827 pounds 114" You Never Know :thumbsup:

they say its a new Florida record, but I remember a giant over 1K being brought to panama city way back for a tourney : Wonder what happened to that fish.


----------



## Achim2 (Apr 25, 2011)

Dang!


----------



## daniel9829 (Jan 31, 2009)

Any Idea about where it was caught? Google and could not find anything must not have hit.


----------



## stc1993 (Nov 23, 2014)

PELAGIC PIRATE said:


> 827 pounds 114" You Never Know :thumbsup:
> 
> they say its a new Florida record, but I remember a giant over 1K being brought to panama city way back for a tourney : Wonder what happened to that fish.

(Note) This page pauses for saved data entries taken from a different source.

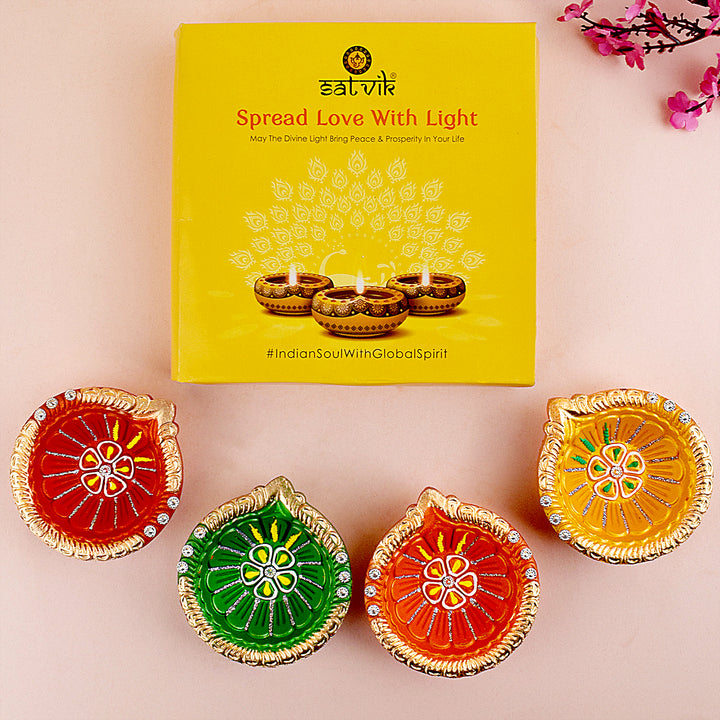 Buy Vibrant Clay Diyas: A Kaleidoscope of Colors | Satvikstore.in – satvikstore.in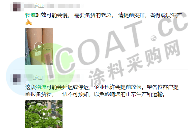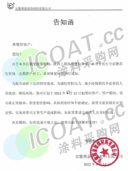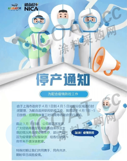 上海涂料企業鱷魚尼卡發布停產通知,表示在4月1日至5日浦西地區輪候封控期間將放假,因此可能會出現部分產品因為疫情管控短暫缺貨的現象,給經銷商帶來不便。目前上海疫情防控政策持續高壓,尚未獲知其是否已經恢復生產。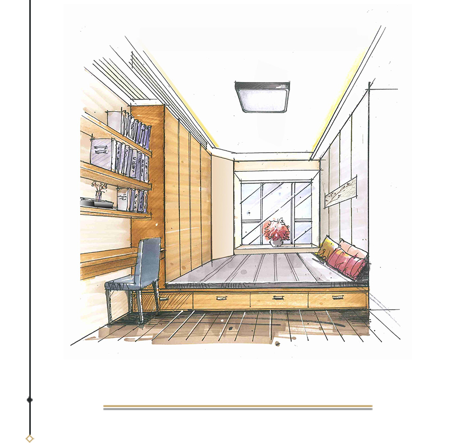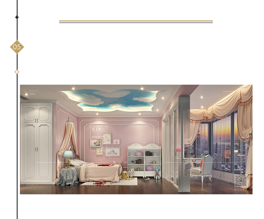 為了使得開放式書房有種無形的框架圍繞也豐富該區(qū)域,所以特意設(shè)計了水墨畫意境的云海畫面。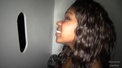 Une jolie black reçois les bites à travers un troue à bite elle suce comme elle peut sans s'arrêter .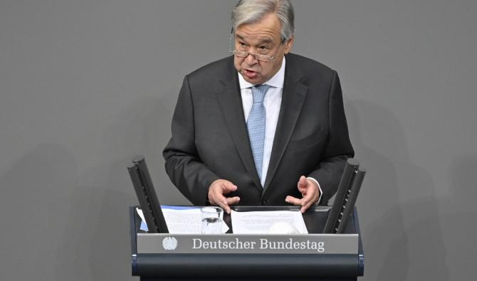Le secrétaire général des Nations Unies (ONU) Antonio Guterres s'exprime au Bundestag (chambre basse du parlement) le 18 décembre 2020 à Berlin. (AFP)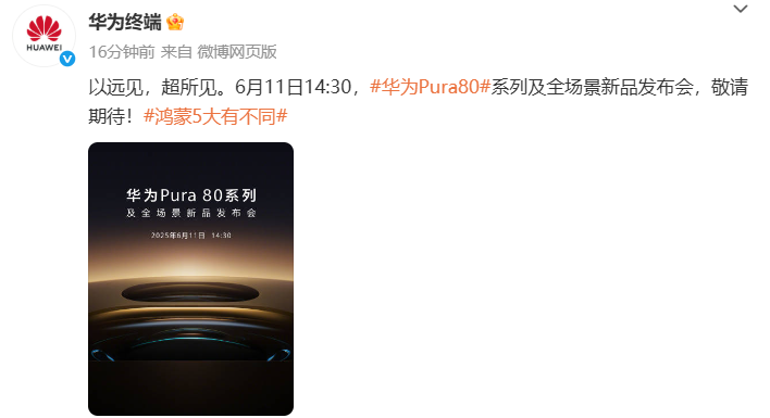 预告。 据华为终端消息,华为Pura 80系列及全场景新品发布会将于6月11日14:30举办,届时将正式发布华为Pura 80系列新机。 上述配文还称:“鸿蒙5大有不同。” 据了解,今年3月20日,在华为Pura先锋盛典 ...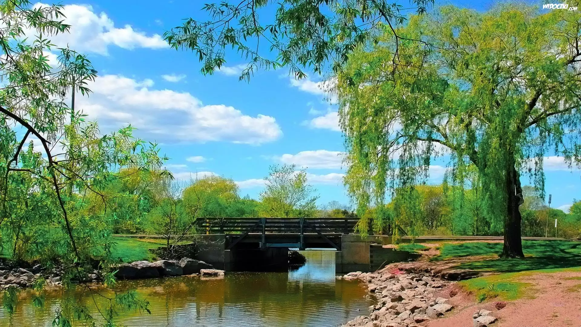 Zdj臋cia, Most, Rzeka, Drzewa, Kamienie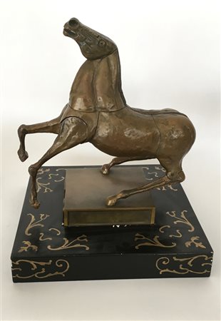Scultura- multiplo in bronzo, esemplare n. 768/2000, firme incise alla base, su basamento in legno dipinto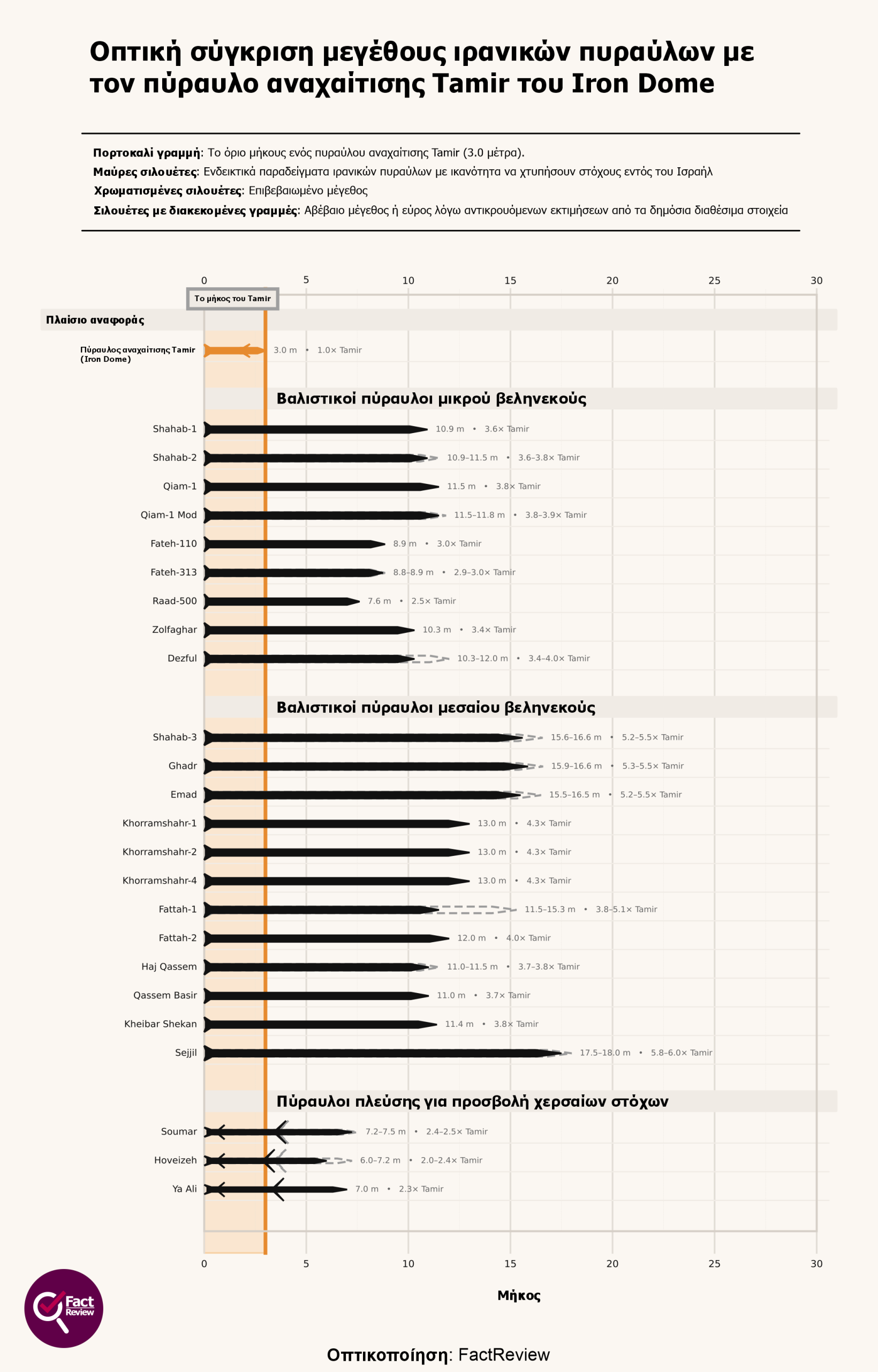 Συμπληρωματικά προς τα παραπάνω, δημιουργήσαμε γράφημα σύγκρισης μεταξύ γνωστών τύπων ιρανικών πυραύλων και του πυραύλου αναχαίτισης Tamir, αντλώντας στοιχεία από δημόσια διαθέσιμες πηγές όπου αυτό ήταν εφικτό. Αν και η σύγκριση αυτή δεν μπορεί να θεωρηθεί απολύτως ακριβής ούτε αρκεί από μόνη της για την ταυτοποίηση του αντικειμένου, βοηθά σε μια ενδεικτική εκτίμηση του μεγέθους του. Από αυτή προκύπτει ότι οι αντίστοιχοι ιρανικοί πύραυλοι είναι σημαντικά μεγαλύτεροι, κάτι που συνάδει με τα διαθέσιμα πλάνα και τις φωτογραφίες του εξεταζόμενου περιστατικού.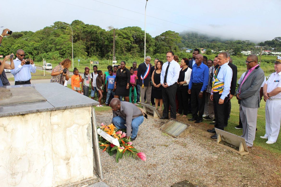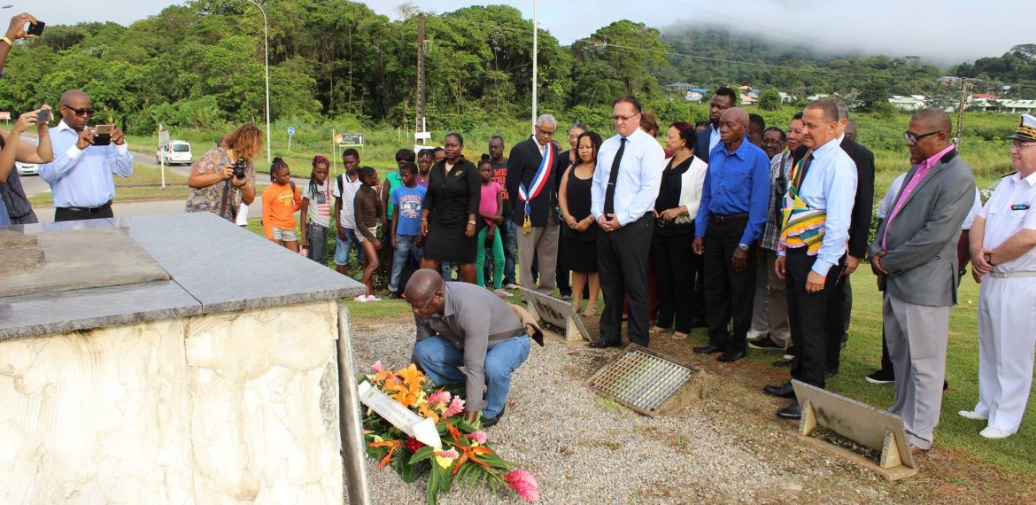 Proclamé par le Secrétaire d’Etat en charge des colonies, Victor Schoelcher, le 27 avril 1848, c’est seulement près de deux mois après, le 10 juin 1848 qu’était proclamé en Guyane le décret de l’abolition de l’esclavage. Afin de commémorer cette date, le Président de la Collectivité Territoriale de Guyane, Rodolphe Alexandre, s’est rendu aux cotés du Préfet de Région, Martin Jaeger, des parlementaires Chantal Berthelot et Gabriel Serville, des Capitaines de l’Ouest guyanais et d’élus du Territoire, au pied de la statue des Marrons de la Liberté au rond point Adelaide Tablon.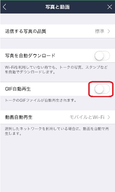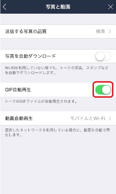 トークに送られたGIFはデフォルト設定では自動的に再生されますが、設定を変えることによってトーク画面上で自動再生されないようにすることができます。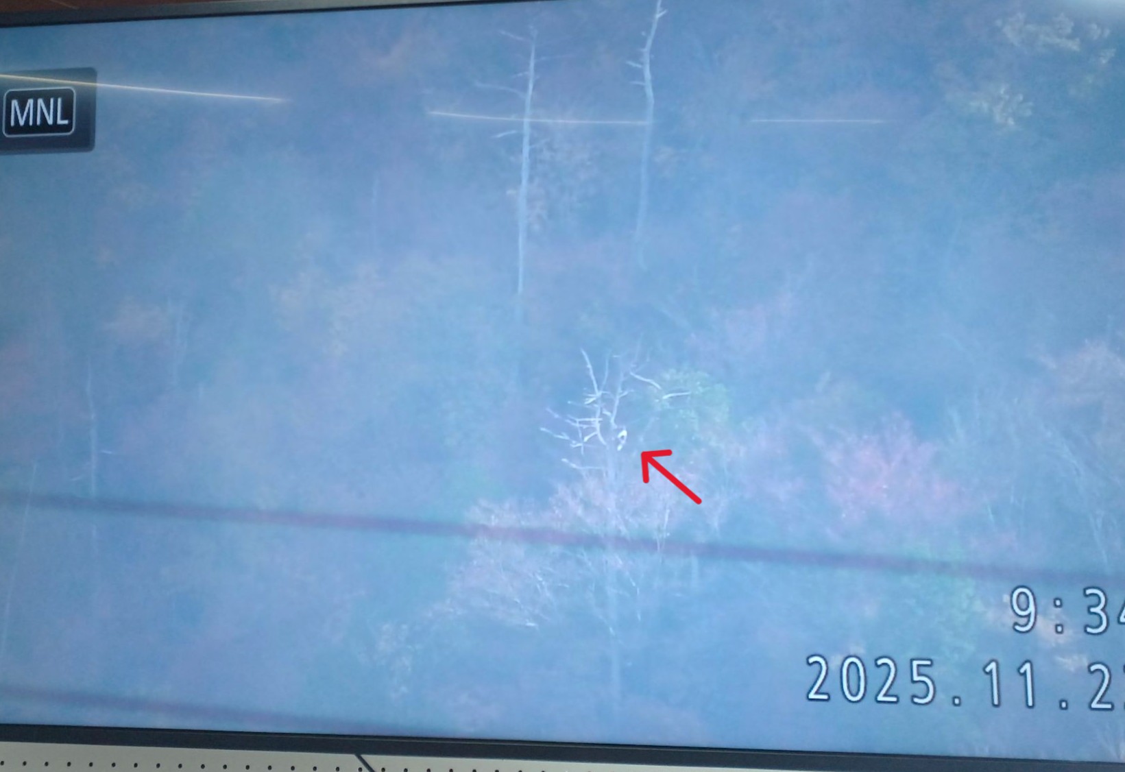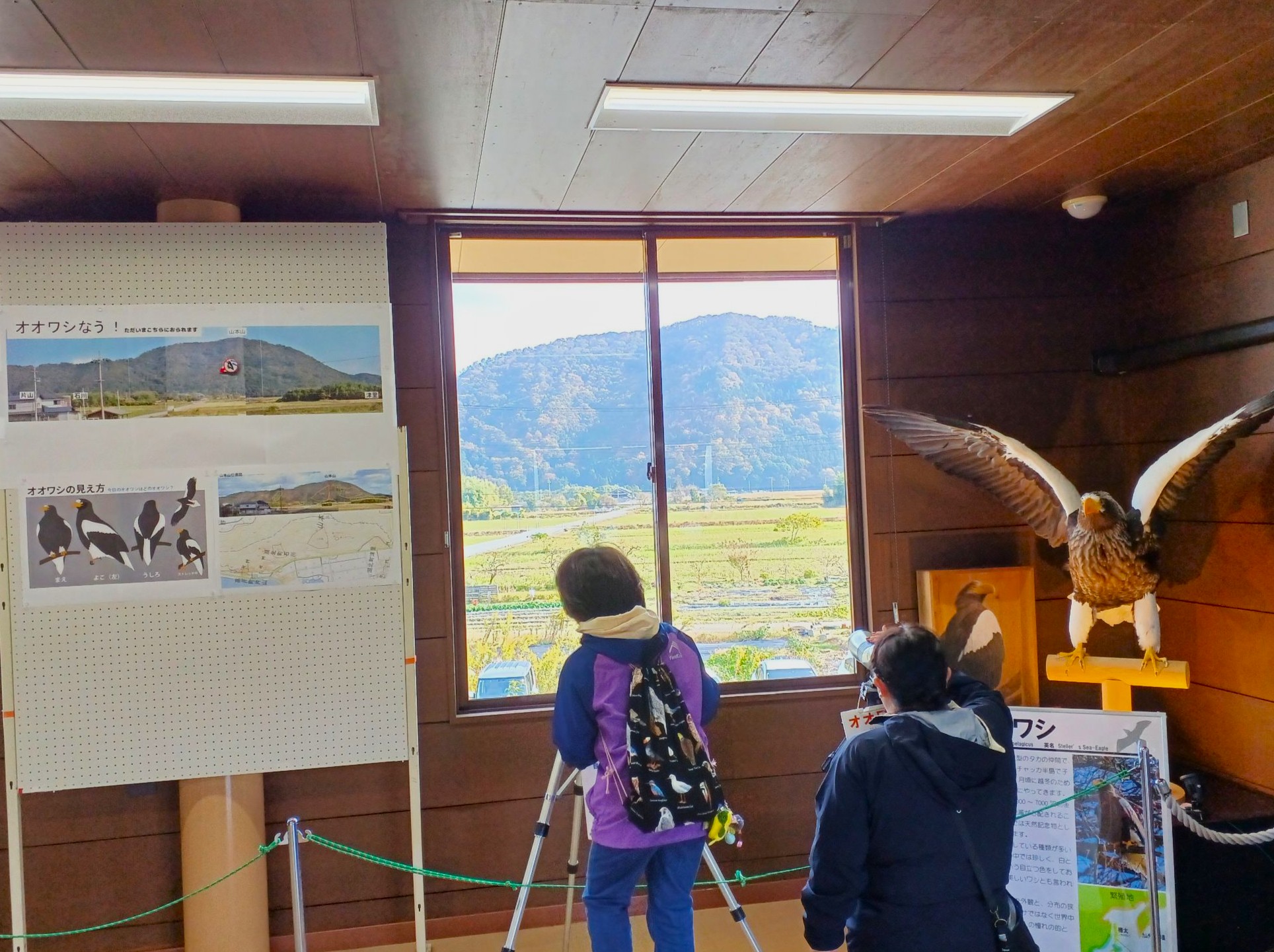 センター施設の中から山本山の方向に、据え付けられた望遠鏡で、木の枝に止まっているところを見ることができます。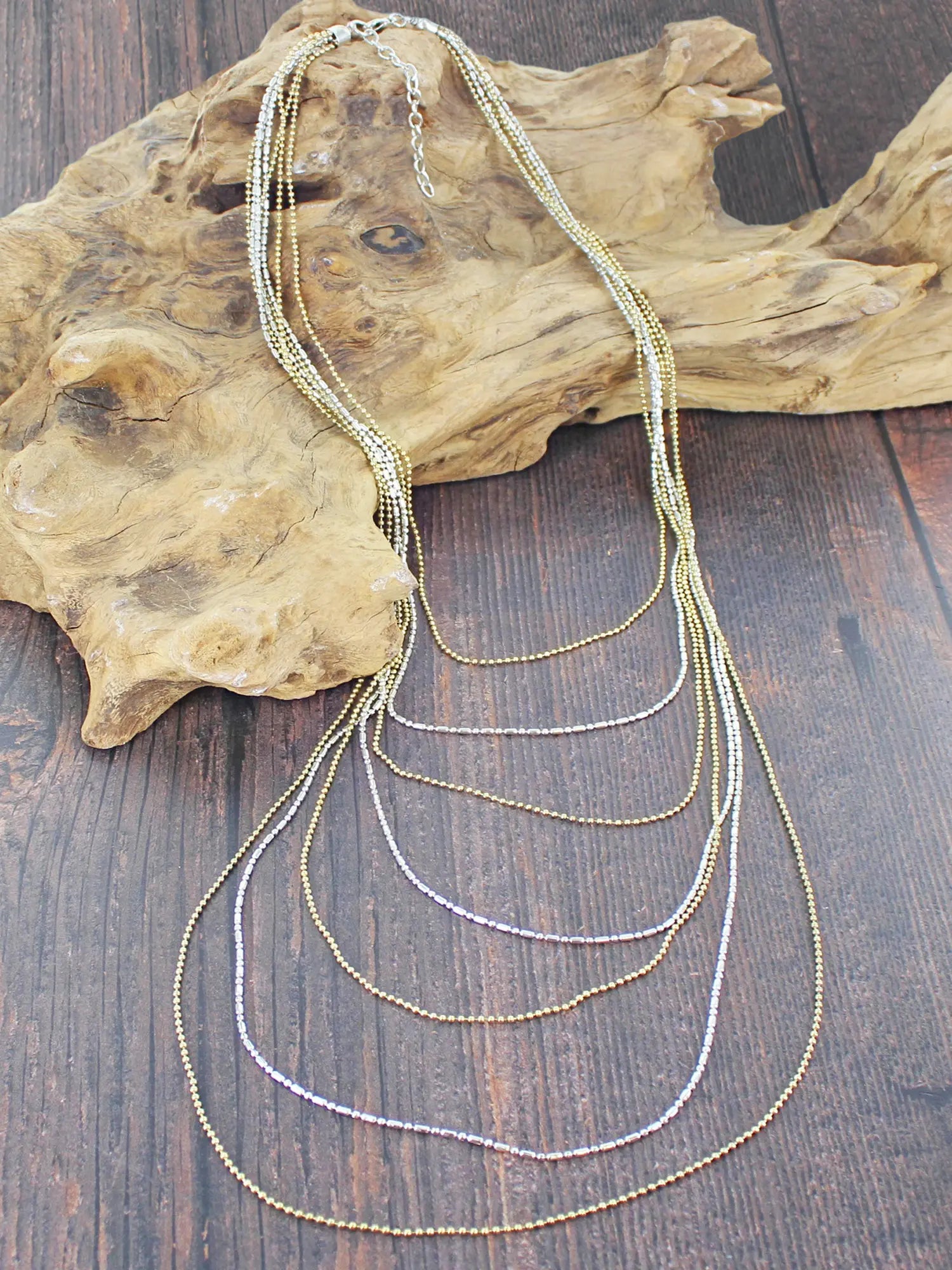 - Long layered necklace with fine gold and silver-tone beads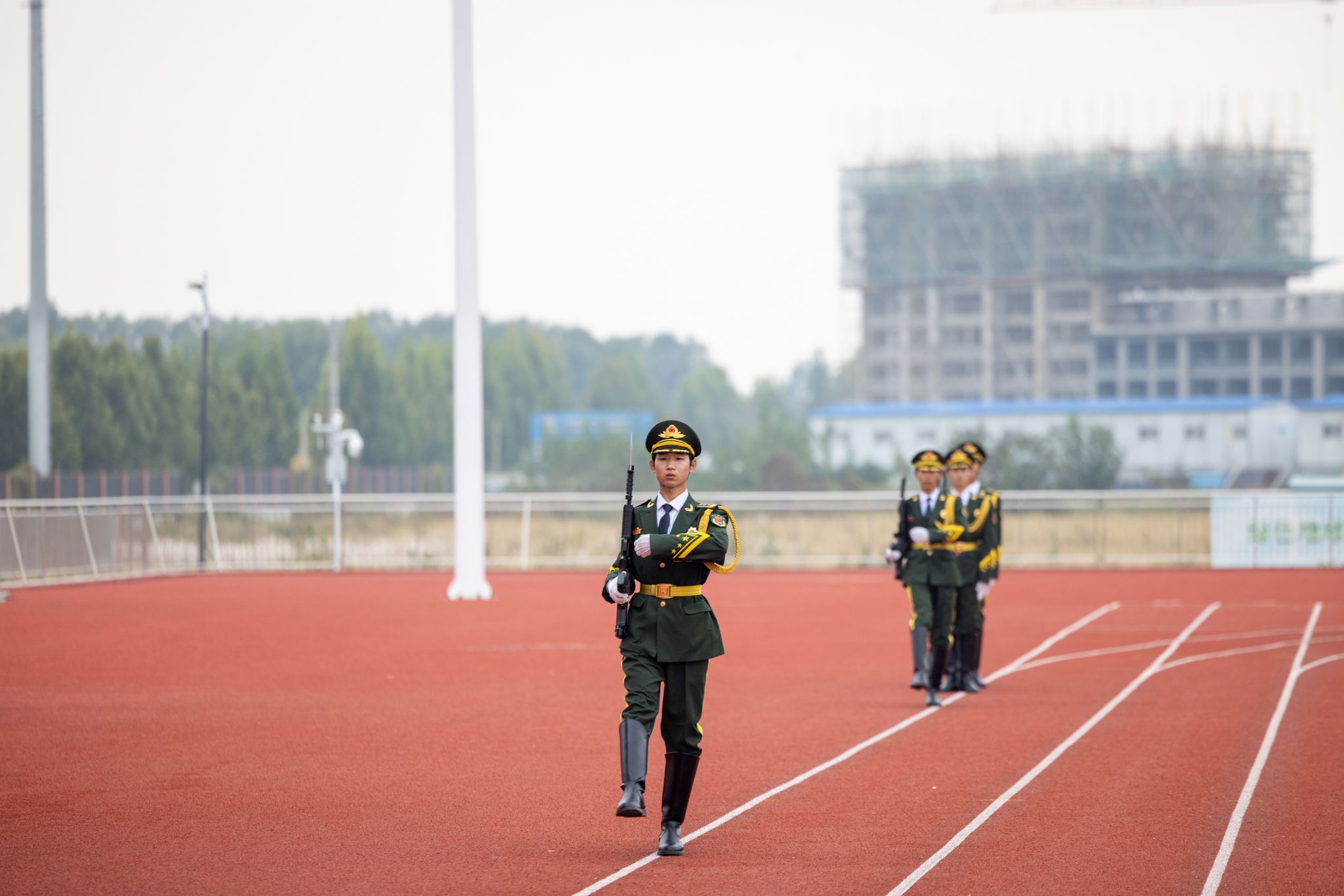 活动首先举行了庄严的升国旗、奏唱国歌仪式,以国旗护卫队为先导的六个方阵依次走过主席台接受检阅,同学们嘹亮的口号、挺拔的身姿、整齐的队列,充分展现出军训期间刻苦训练的成果,彰显出文职院学子良好的精神面貌和本次军训的丰硕成果。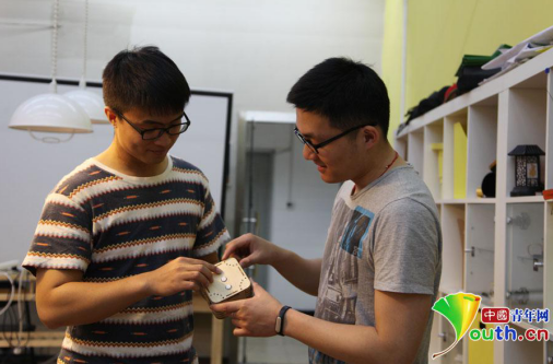 清華大學(xué)創(chuàng)客空間協(xié)會成員張承巍(左)與畢瀅(右)正在介紹他們的創(chuàng)意成果“音樂盒子”。資料圖

A man from my city caught that fish. He chartered the boat for the whole week for the tourney. If my memory is correct he won almost a $1/4 million.


----------



## Splittine (Nov 24, 2007)

daniel9829 said:


> Any Idea about where it was caught? Google and could not find anything must not have hit.


It's been on FB all week. Haven't noticed a location other than the Gulf.


----------



## NKlamerus (Jan 4, 2016)

Out of Destin I believe. Not sure where out of the pass though. 

I was at the harbor when they weighed it, absolute monster


----------



## Keithcooking (Jun 24, 2015)

Caught at blind faith, 6am sunday morning on a live blackfin. They were pre fishing for the upcoming tourneys


----------